Give back an exact copy of the lines in the records below, from the line that has "曲谱介绍: G调版杜德伟《帮你藏起来》吉他和弦弹唱谱" through the line that has "R. S. Madatov, A.", and nothing besides.

[[ Data for this exercise, beginning ]]

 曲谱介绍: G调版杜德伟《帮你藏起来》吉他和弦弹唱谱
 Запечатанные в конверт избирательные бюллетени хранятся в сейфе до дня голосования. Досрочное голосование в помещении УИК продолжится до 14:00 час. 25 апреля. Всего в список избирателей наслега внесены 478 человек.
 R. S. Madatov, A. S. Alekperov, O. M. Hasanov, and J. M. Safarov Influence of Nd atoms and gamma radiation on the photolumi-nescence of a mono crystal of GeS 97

[[ Data for this exercise, end ]]
[[ Data for this exercise, beginning ]]

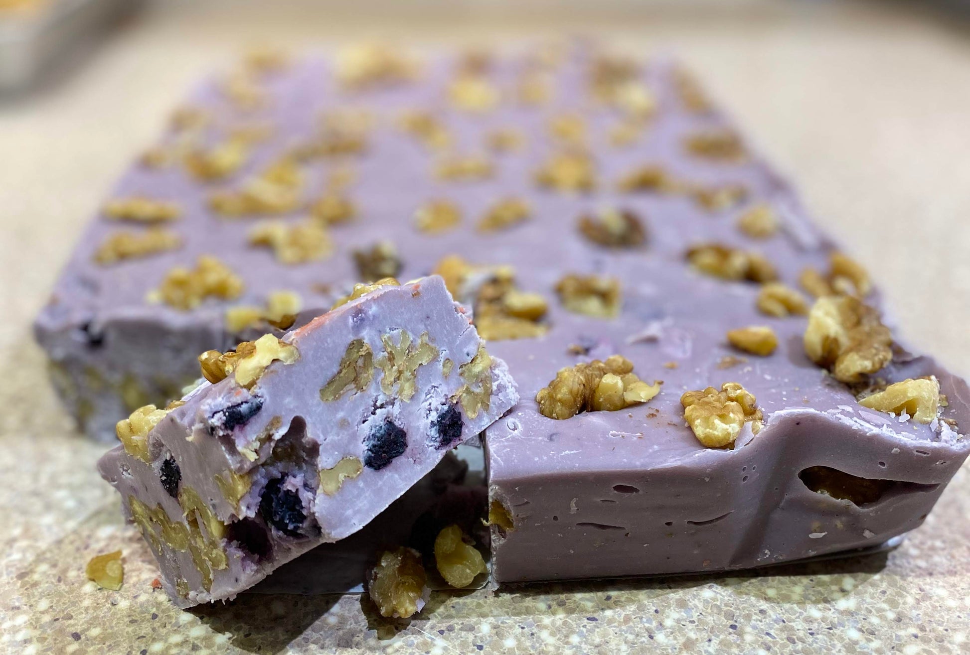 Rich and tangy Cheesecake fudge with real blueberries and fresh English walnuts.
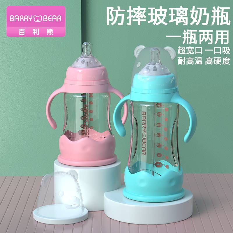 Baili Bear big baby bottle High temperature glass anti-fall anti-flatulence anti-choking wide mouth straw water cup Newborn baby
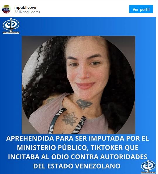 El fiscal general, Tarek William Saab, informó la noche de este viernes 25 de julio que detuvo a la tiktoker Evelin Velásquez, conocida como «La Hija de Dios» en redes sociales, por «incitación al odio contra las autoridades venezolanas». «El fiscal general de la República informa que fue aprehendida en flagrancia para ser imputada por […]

[[ Data for this exercise, end ]]
[[ Data for this exercise, beginning ]]

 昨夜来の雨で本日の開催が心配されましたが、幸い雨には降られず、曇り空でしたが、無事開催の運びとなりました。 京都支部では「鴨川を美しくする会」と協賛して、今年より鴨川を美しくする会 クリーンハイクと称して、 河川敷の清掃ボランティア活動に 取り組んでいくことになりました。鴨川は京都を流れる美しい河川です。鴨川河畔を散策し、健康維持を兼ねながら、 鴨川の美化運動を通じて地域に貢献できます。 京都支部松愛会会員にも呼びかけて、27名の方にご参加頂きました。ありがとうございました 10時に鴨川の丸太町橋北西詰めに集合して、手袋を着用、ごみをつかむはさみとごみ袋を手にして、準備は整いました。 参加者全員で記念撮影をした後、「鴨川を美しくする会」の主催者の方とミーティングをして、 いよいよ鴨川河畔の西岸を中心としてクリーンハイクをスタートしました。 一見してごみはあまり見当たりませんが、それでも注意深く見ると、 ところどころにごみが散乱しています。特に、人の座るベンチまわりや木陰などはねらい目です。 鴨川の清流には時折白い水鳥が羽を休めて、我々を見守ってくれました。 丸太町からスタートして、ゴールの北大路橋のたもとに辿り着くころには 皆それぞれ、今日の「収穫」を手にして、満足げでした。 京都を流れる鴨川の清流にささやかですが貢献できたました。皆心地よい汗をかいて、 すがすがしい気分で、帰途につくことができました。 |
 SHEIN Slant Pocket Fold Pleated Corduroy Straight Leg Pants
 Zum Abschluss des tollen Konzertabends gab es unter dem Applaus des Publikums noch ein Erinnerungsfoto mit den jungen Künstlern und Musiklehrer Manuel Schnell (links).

[[ Data for this exercise, end ]]

### Reply
 曲谱介绍: G调版杜德伟《帮你藏起来》吉他和弦弹唱谱
 Запечатанные в конверт избирательные бюллетени хранятся в сейфе до дня голосования. Досрочное голосование в помещении УИК продолжится до 14:00 час. 25 апреля. Всего в список избирателей наслега внесены 478 человек.
 R. S. Madatov, A. S. Alekperov, O. M. Hasanov, and J. M. Safarov Influence of Nd atoms and gamma radiation on the photolumi-nescence of a mono crystal of GeS 97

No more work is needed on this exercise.